CORM-2 also attenuates P. aeruginosa biofilm formation on abiotic surfaces confirming the antimicrobial effect beyond that previously shown for planktonic bacteria ,  (Figure 2). Together, these data suggest CORM-2 can inhibit biofilm formation regardless of the surface used for bacterial attachment. Despite the genetic and phenotypic diversity of P. aeruginosa, the majority of clinical isolates from non-CF patients tested had decreased biofilm formation after exposure to CORM-2 (Figure 7). Importantly, pulmonary infections in CF patients are usually initiated by environmental P. aeruginosa strains that often cause other types of human infection. The two clinical isolates resistant to CORM-2 formed robust biofilms rapidly when compared with the other isolates, suggesting that the earlier CORM-2 is applied the more effective it is likely to be. CORM-2 also attenuated the biofilm formation of a subset of isolates from CF patients, including both non-mucoid and mucoid strains. While mucoid and non-mucoid strains have multiple phenotypic and genetic differences, mucoidy did not predict failure of CORM-2 treatment . Interestingly, the commonly used laboratory strain PA14 showed increased resistance to CORM-2 exposure. We hypothesize this is due to its slow growth rate in the presence of glucose and its ability to adapt to unfavorable metabolic conditions. Additional studies are required to determine whether metabolic differences between PA14 and PAO1 are responsible for their different susceptibility to CORM-2 treatment.

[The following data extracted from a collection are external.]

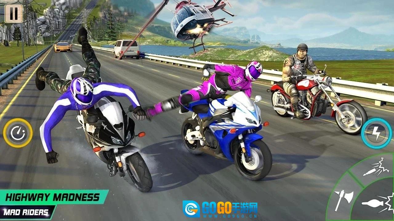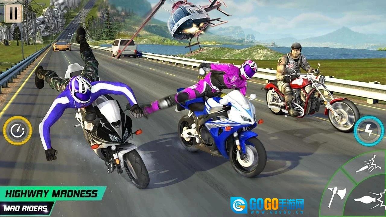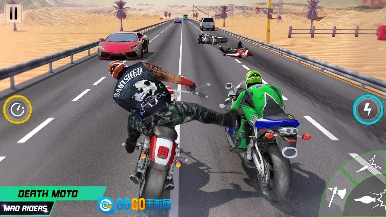 《公路死亡摩托》v1.0.1是一款超有趣的赛车竞速游戏,在这个游戏里,比赛可以说是没有任何规则限制的。玩家能自由进行选择,还能不断秀出自己的摩托车特技,甚至可以用武器攻击其他车手。游戏采用了真实的3D引擎制作,大家快来试试吧!
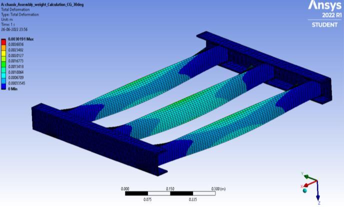 For both the 0 degree and 30-degree inclined load applicationitisobservedthatthemaximumdeformationis happening at the maximum allowable limit on the application of 6000N. The load of 6000N was considered includingafactorofsafetyof3forsteelasusual,whichalso makes it evident that practically this load is safe for the chassistowithstand.
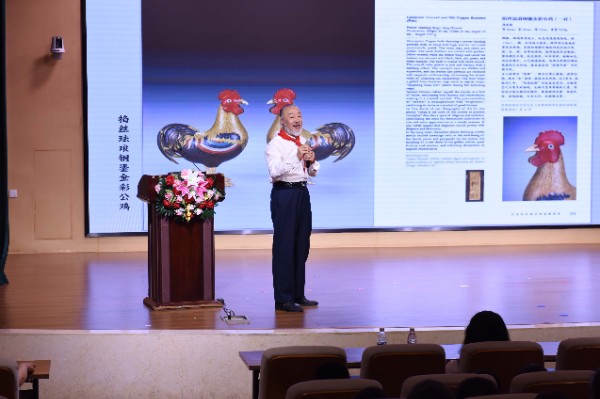 三三天后的报告厅内,美育节六年级专场讲座“万千华彩·明清御用珐琅器”拉开了帷幕,一场传统纹样探秘之旅就此展开。垽宝轩美术馆邱建华馆长展示着华美的珐琅器图片,带领孩子们走进纹样的千年故事里:
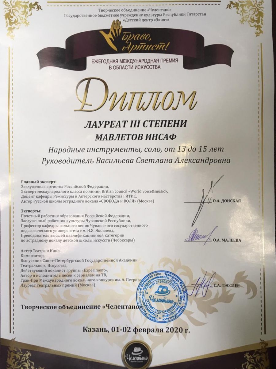 Мавлетов Инсаф Лауреат 3 степени Браво, Артист!.jpg
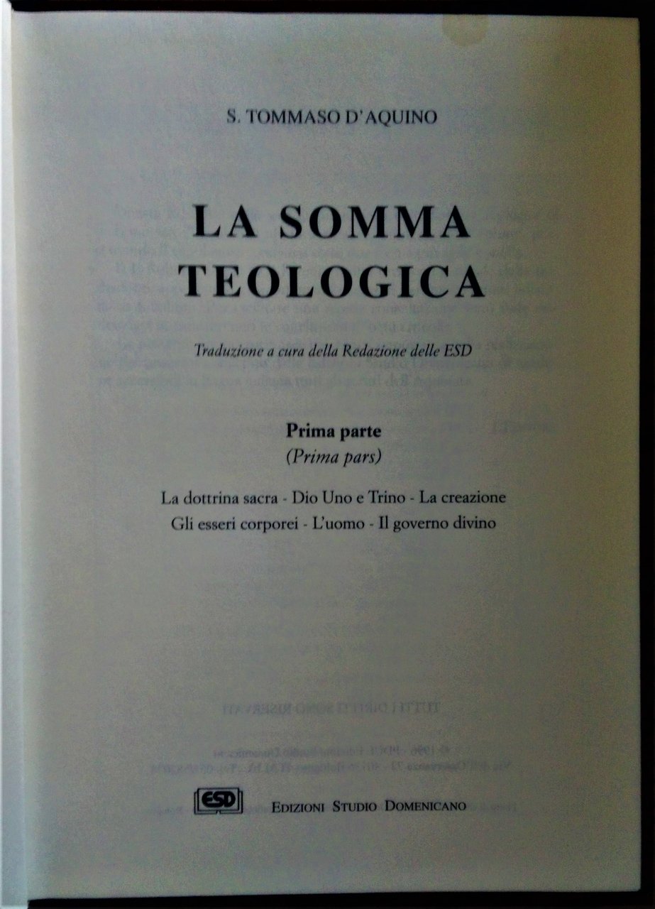 La Somma Teologica. Traduzione a cura della Redazione delle ESD.
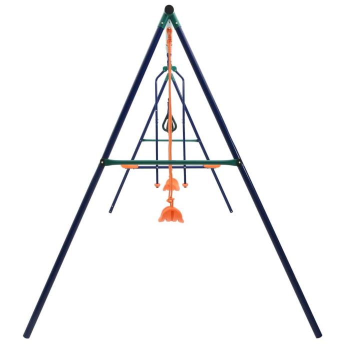 Ovaj set ljuljački sastoji se od čvrstog čeličnog okvira u obliku slova A s 2 jednostruke ljuljačke, 2 gimnastičke karike i jednom klackalicom. Klackalica je prikladna za dvoje djece istovremeno. Zahvaljujući čvrstom čeličnom okviru i plastičnim sjedalima, ovaj set iznimno je izdržljiv i otporan na vremenske utjecaje. Također se jednostavno sastavlja. Svi dijelovi sigurno su pričvršćeni na snažnu prečku okvira u obliku slova A pomoću čvrstih vijaka, kuka i užeta.
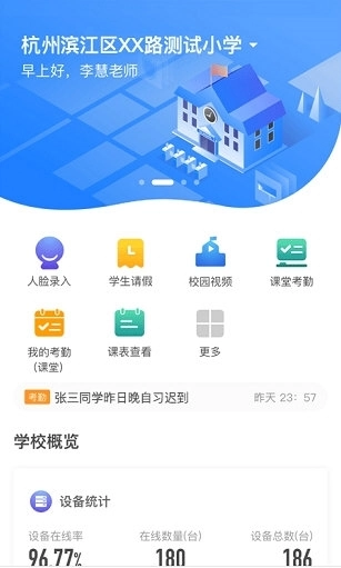 【智能管理助手】借助远程视频评课、通知发布审批、全校师生概况等功能模块,实现管理全覆盖、流程更规范
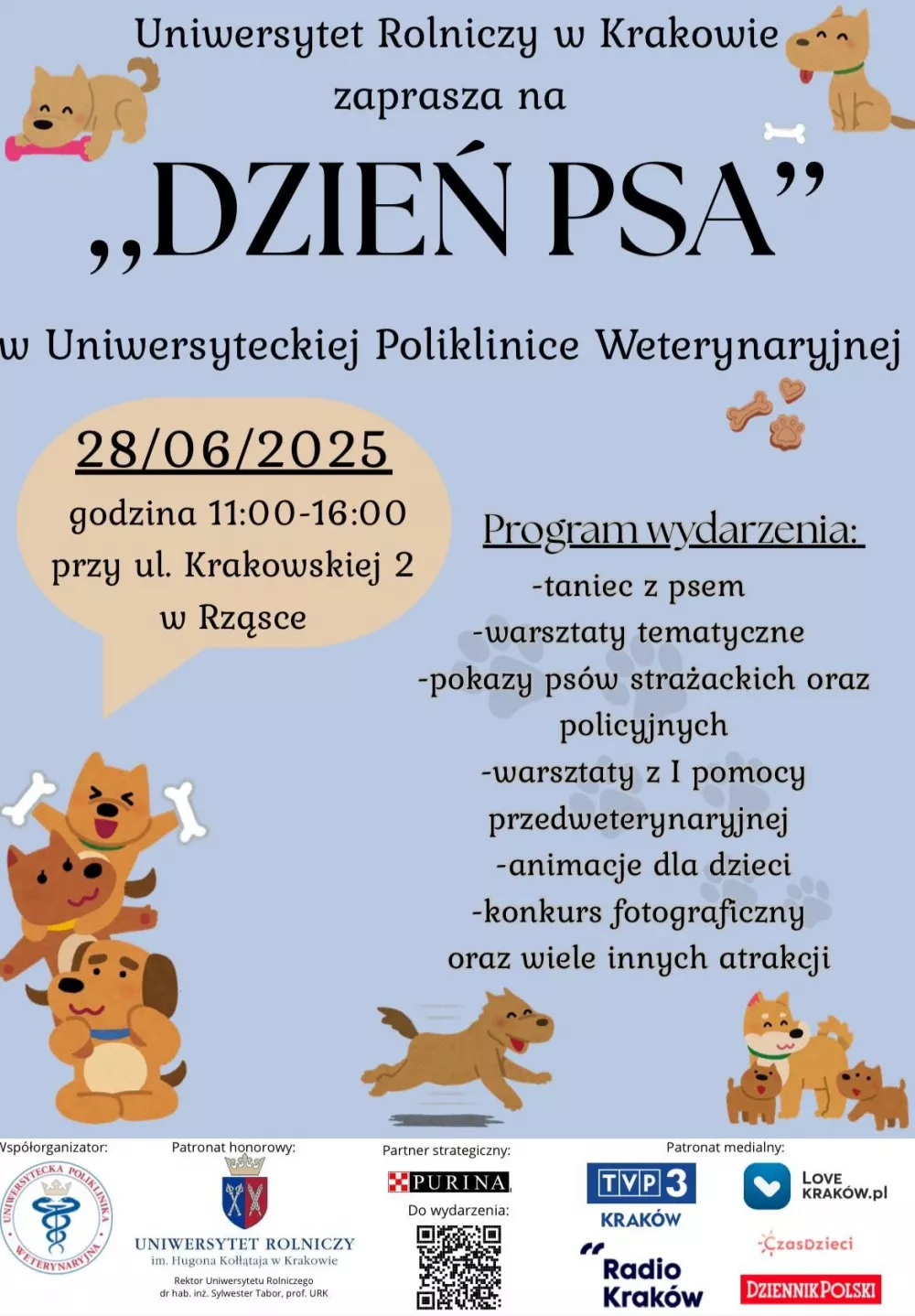 Już w najbliższą sobotę, 28 czerwca 2025 r., teren Uniwersyteckiej Polikliniki Weterynaryjnej przy ul. Krakowskiej 2 w Rząsce zamieni się w miejsce pełne radości, edukacji i wyjątkowych emocji. Wszystko za sprawą „Dnia Psa” – wydarzenia, które łączy miłość do zwierząt z edukacją i rozrywką dla całych rodzin. Wydarzenie potrwa od godziny 11:00 do 16:00.
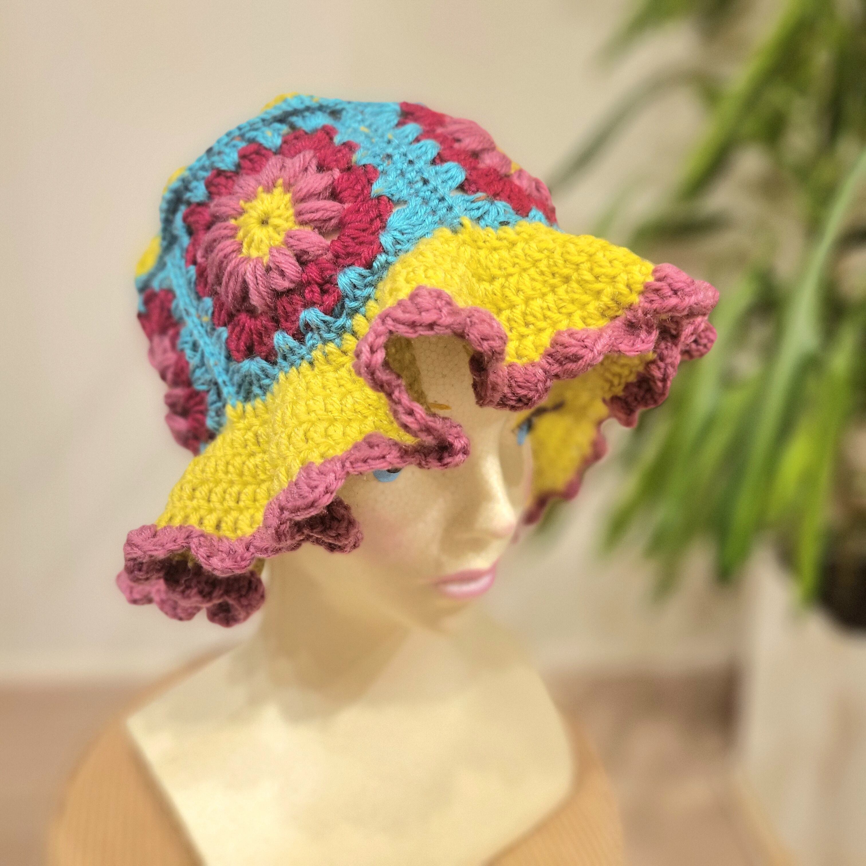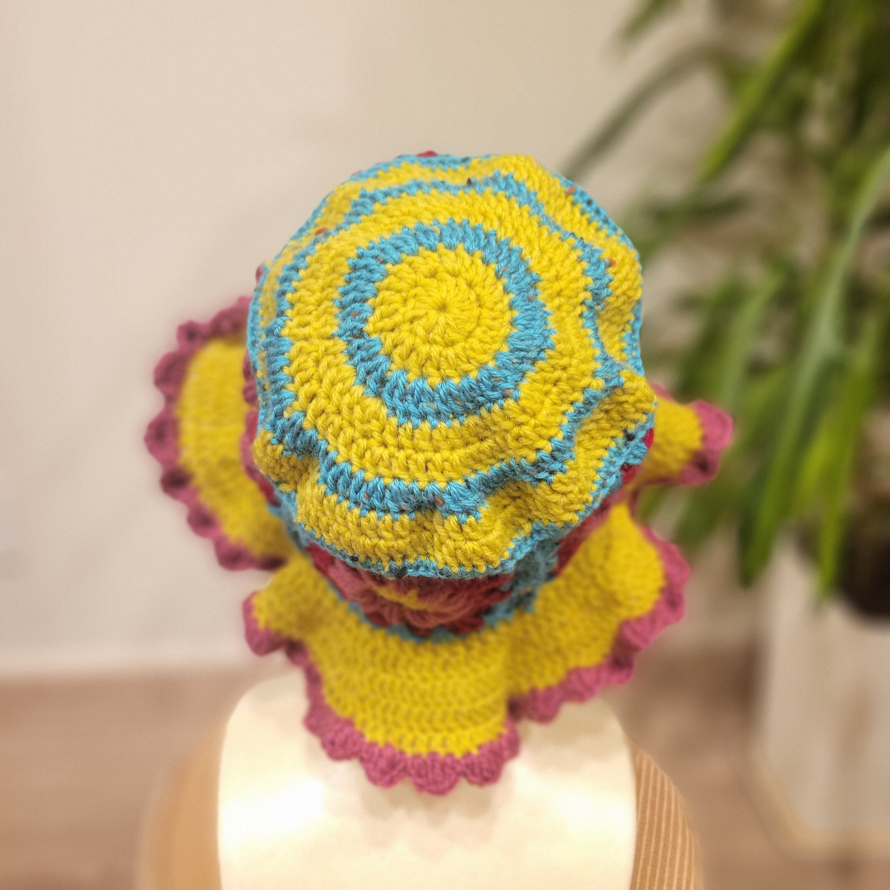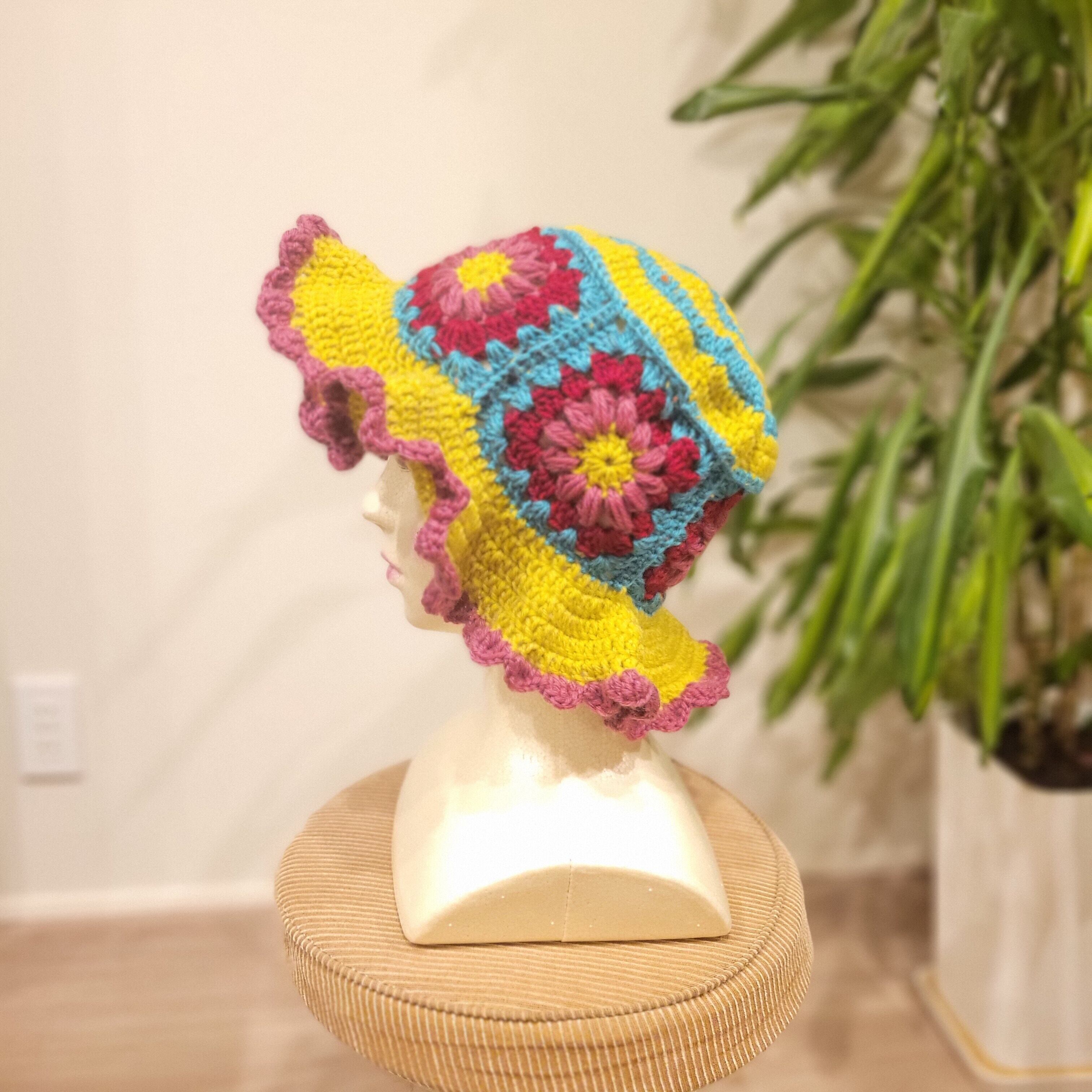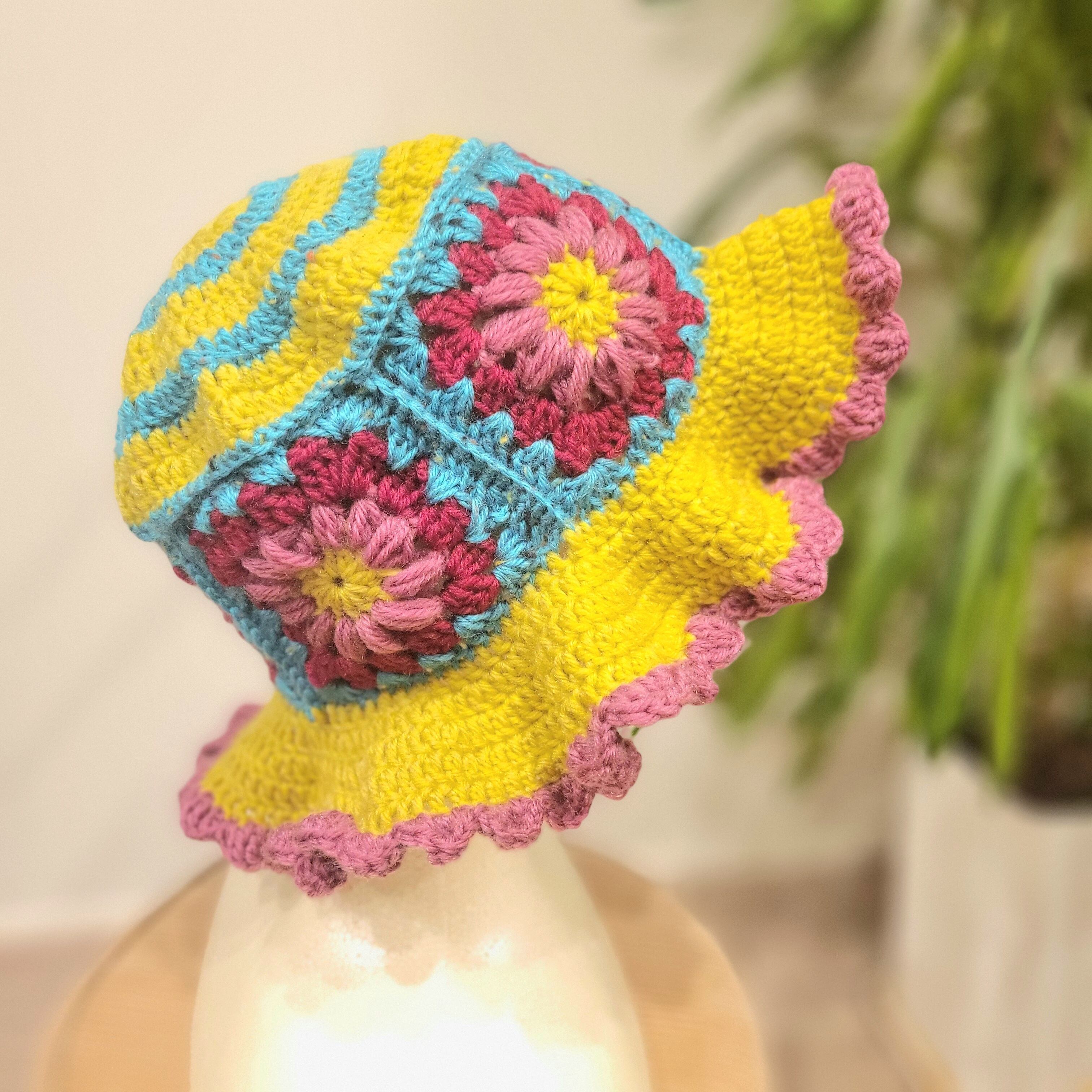 モチーフ編みのニット帽 | バケットハット 帽子 ライトグリーン×ブルー×イエロー

The combination of CORM-2 with tobramycin, an antibiotic currently used in therapy for P. aeruginosa pulmonary infection in CF patients, was more effective at killing bacteria and reducing biomass than either drug alone (Figure 6). To our knowledge this is the first example of an added benefit when combining CORM-2 with another antimicrobial agent suggesting CORM-2 may have a role as an adjunct therapy with currently available antimicrobials. This may be particularly helpful during chronic infections where subpopulations of antibiotic resistant bacteria persist after treatment.
Exposure of E. coli to CORM-2 results in increased ROS production, DNA damage and intracellular iron levels of iron , suggesting that ROS generation is the primary mechanism of cell death . ROS production does not appear to be the mechanism of CORM-2 dependent PAO1 cell death in liquid growth . Interestingly, while ROS production is increased from P. aeruginosa biofilms after CORM-2 exposure, the addition of L-cysteine only partially inhibits ROS production but completely protects P. aeruginosa biofilm formation from the effects of CORM-2 (Figure 7). This suggests that ROS do not cause cell death in CORM-2 treated biofilms. The mechanism of protection provided by reducing agents to P. aeruginosa observed by us and others remains unknown . Microarray analysis of E. coli exposed to CO-RMs also demonstrate a global effect with transcriptional changes in a wide variety of metabolic pathways and transcriptional regulators, including those involved in carbohydrate production, energy metabolism, and stress response , . Whether any of the above transcriptional changes occur in P. aeruginosa and contribute to CORM-dependent cell death is unclear.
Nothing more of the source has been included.